Output exactly, in the material below, the lines from the one with "Широкий діапазон колірної" through the one with "Kering adotta un". Omit all pictures.

(Data to use Opens)

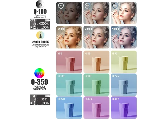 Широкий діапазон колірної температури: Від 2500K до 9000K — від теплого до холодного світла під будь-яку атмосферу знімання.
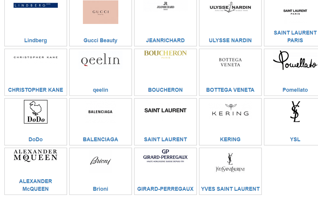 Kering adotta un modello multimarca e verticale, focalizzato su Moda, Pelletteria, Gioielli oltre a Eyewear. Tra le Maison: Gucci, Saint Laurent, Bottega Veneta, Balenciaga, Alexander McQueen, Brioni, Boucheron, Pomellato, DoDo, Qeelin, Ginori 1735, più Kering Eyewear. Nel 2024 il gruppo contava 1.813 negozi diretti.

(Data to use Closes)
(Data to use Opens)

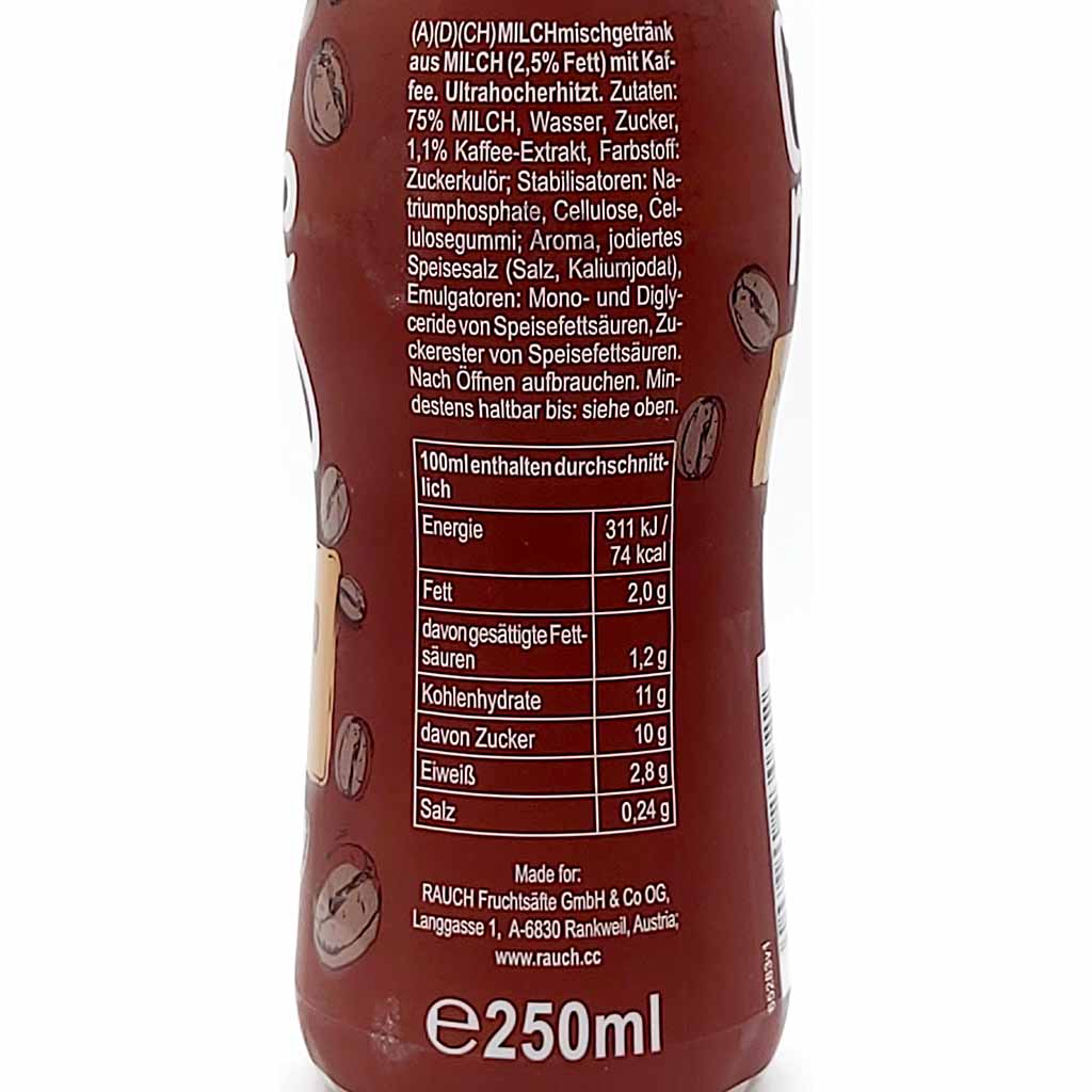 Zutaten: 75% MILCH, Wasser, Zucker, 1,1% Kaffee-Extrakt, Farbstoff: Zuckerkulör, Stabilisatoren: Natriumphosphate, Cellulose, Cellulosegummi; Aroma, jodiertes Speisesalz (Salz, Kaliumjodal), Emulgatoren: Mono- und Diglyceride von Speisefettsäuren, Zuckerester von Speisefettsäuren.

(Data to use Closes)

**Expected output**:
 Широкий діапазон колірної температури: Від 2500K до 9000K — від теплого до холодного світла під будь-яку атмосферу знімання.
 Kering adotta un modello multimarca e verticale, focalizzato su Moda, Pelletteria, Gioielli oltre a Eyewear. Tra le Maison: Gucci, Saint Laurent, Bottega Veneta, Balenciaga, Alexander McQueen, Brioni, Boucheron, Pomellato, DoDo, Qeelin, Ginori 1735, più Kering Eyewear. Nel 2024 il gruppo contava 1.813 negozi diretti.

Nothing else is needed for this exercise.